Calverley et al²⁸ performed two placebo-controlled double-blind trials in outpatients with the clinical diagnosis of COPD who had chronic cough; increased sputum production; at least one recorded exacerbation requiring corticosteroids or hospitalization, or both; and an FEV₁ of 50% or less. Patients were randomized to receive roflumilast 500 μg once a day (n = 1,537) or placebo (n = 1,554) for 1 year. The rate of moderate to severe exacerbations was 1.17 per year with roflumilast vs 1.37 with placebo (P < .0003). Adverse events were significantly more common with roflumilast and were related to the known side effects of the drug, namely, diarrhea, weight loss, decreased appetite, and nausea.

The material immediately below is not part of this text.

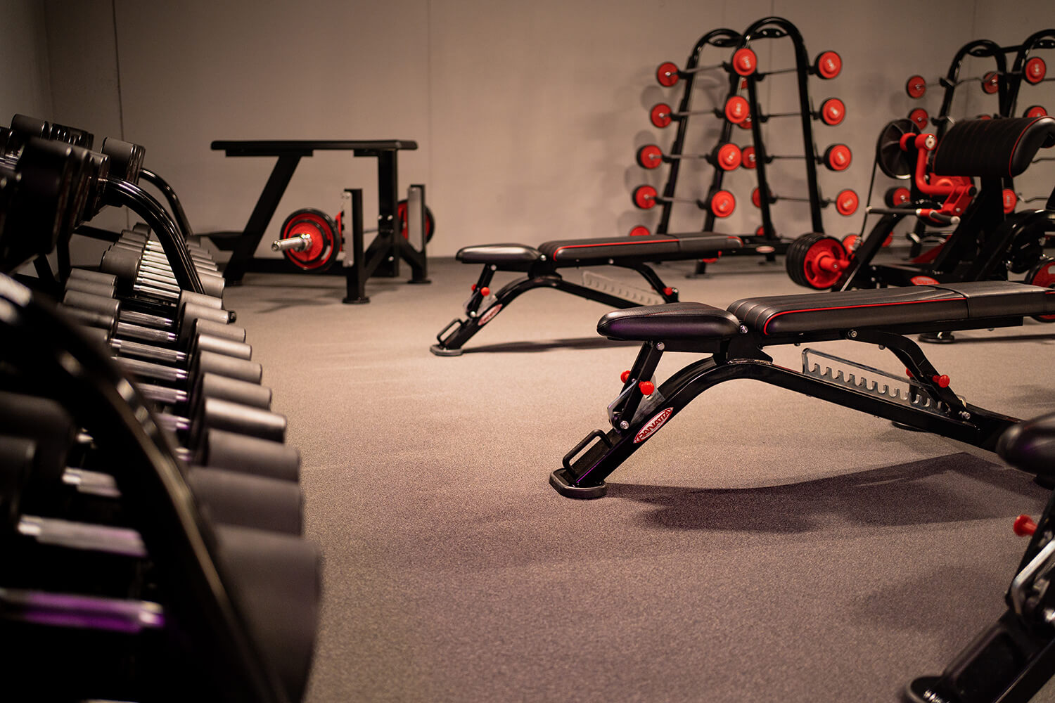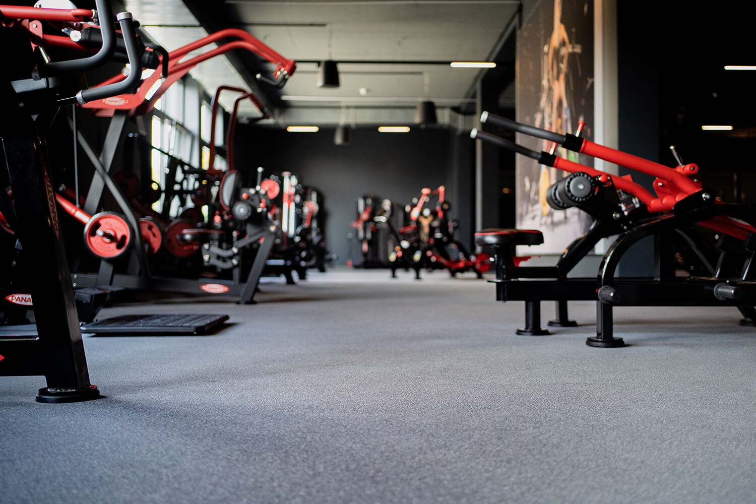 REGUPOL supplied the two-layer REGUPOL everroll impact flooring back in 2020. The gray flooring in the ultimate Pompeii design enhances the studio's ambience. The neutral color allows the red accents of the equipment and the bright LifeForce Fitness logo on the wall to really stand out.

Fabbri et al²⁹ performed two other placebo-controlled double-blind multicenter trials, studying the combinations of roflumilast with salmeterol (Serevent) and roflumilast with tiotropium (Spiriva) compared with placebo in 1,676 patients with COPD who had post-bronchodilator FEV₁ values of 40% to 70% of predicted. The mean prebronchodilator FEV₁ improved by 49 mL (P < .0001) in the salmeterol-plus-roflumilast trial and by 80 mL (P < .0001) in the tiotropium-plus-roflumilast trial compared with placebo. Fewer patients on roflumilast had exacerbations of any severity in both trials (risk ratio 0.82, P = .0419 and risk ratio 0.75, P = .0169, respectively).

No trial has yet addressed whether roflumilast is better than the combination of a long-acting muscarinic antagonist and a beta agonist, or whether roflumilast can be substituted for inhaled corticosteroids in a new triple-therapy combination. Clinicians should also be aware of psychiatric side effects of roflumilast, which include depression and, possibly, suicide.